** Problem to solve **
Would you please restate the data exactly as it stands, apart from the pictures?

** Data shown **
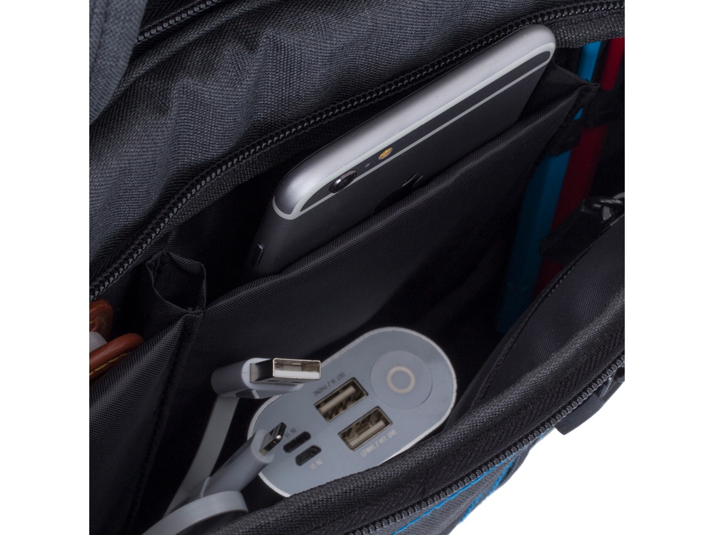 • Внешний передний карман на молнии для хранения аксессуаров, также оборудован панелью-органайзером для хранения визитных карт, флэш-накопителей, смартфона.
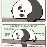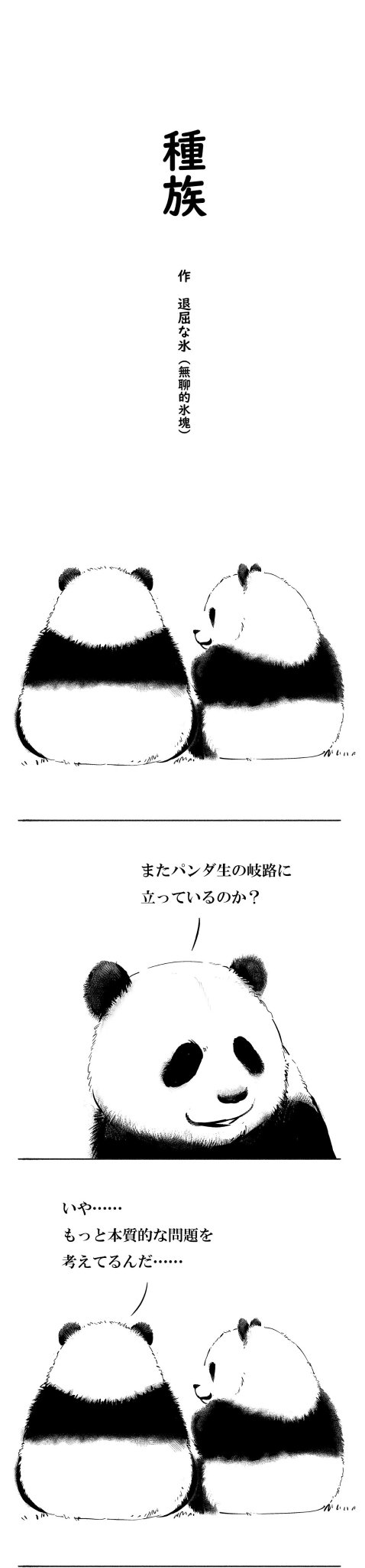 『早く動物を冷蔵庫に入れて』第6話『種族』 物思いに耽るパンダが再登場。後ろ姿に癒されますね。パンダは中国語で「熊猫」と言います。確かに熊そっくりの体型と猫に負けない可愛らしさを備えています。 1週間お疲れ様でした!良い週末を! #漫画が読めるハッシュタグ #中国漫画
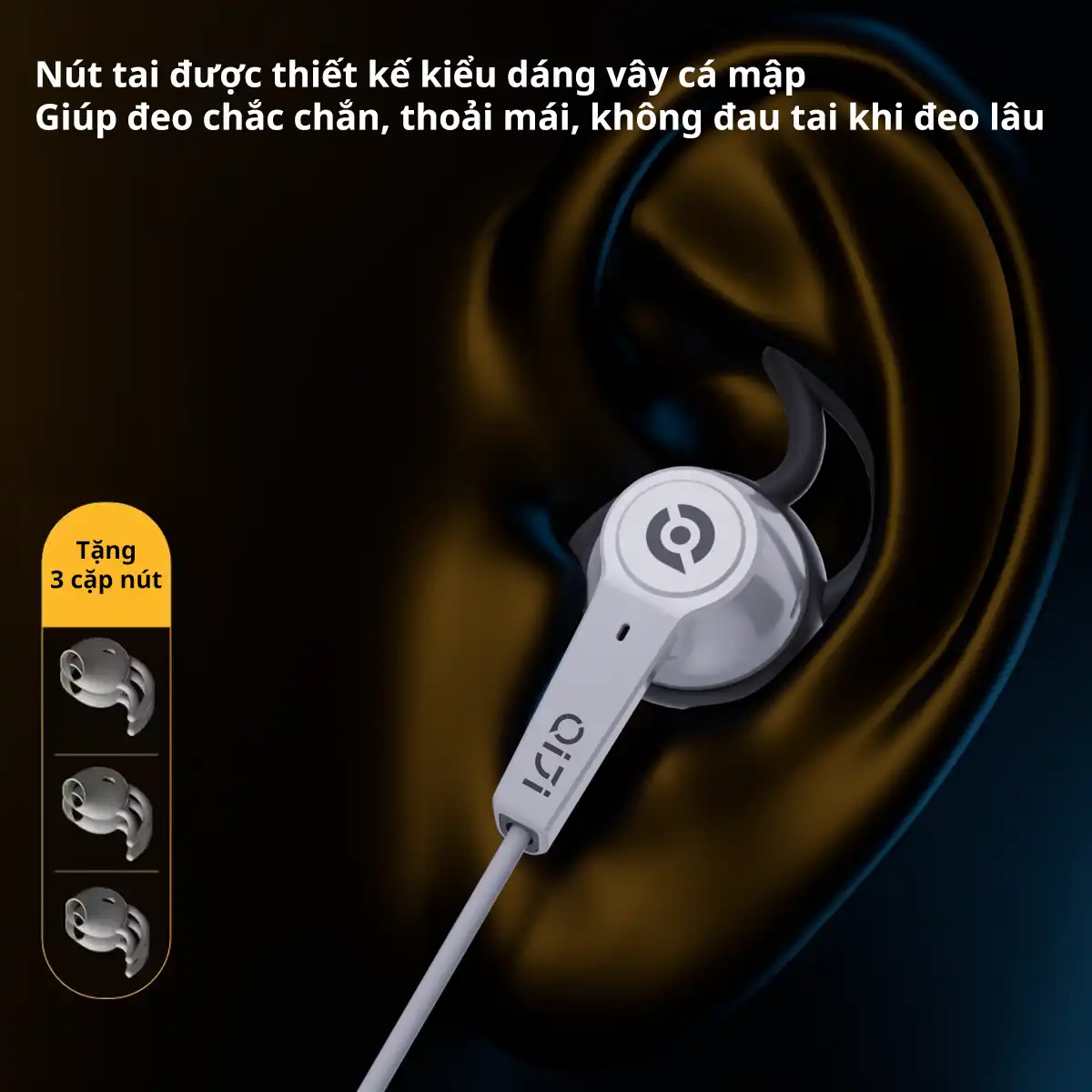 Piva S3 có thiết kế nhỏ gọn, trọng lượng nhẹ chỉ 13g, ôm sát tai mà không gây cảm giác khó chịu. Nút tai silicon mềm mại với thiết kế vây cá mập độc đáo mang đến sự thoải mái tối đa, cho phép bạn chơi game hàng giờ liền mà không lo đau tai.

** Final answer **
 • Внешний передний карман на молнии для хранения аксессуаров, также оборудован панелью-органайзером для хранения визитных карт, флэш-накопителей, смартфона.
 『早く動物を冷蔵庫に入れて』第6話『種族』 物思いに耽るパンダが再登場。後ろ姿に癒されますね。パンダは中国語で「熊猫」と言います。確かに熊そっくりの体型と猫に負けない可愛らしさを備えています。 1週間お疲れ様でした!良い週末を! #漫画が読めるハッシュタグ #中国漫画
 Piva S3 có thiết kế nhỏ gọn, trọng lượng nhẹ chỉ 13g, ôm sát tai mà không gây cảm giác khó chịu. Nút tai silicon mềm mại với thiết kế vây cá mập độc đáo mang đến sự thoải mái tối đa, cho phép bạn chơi game hàng giờ liền mà không lo đau tai.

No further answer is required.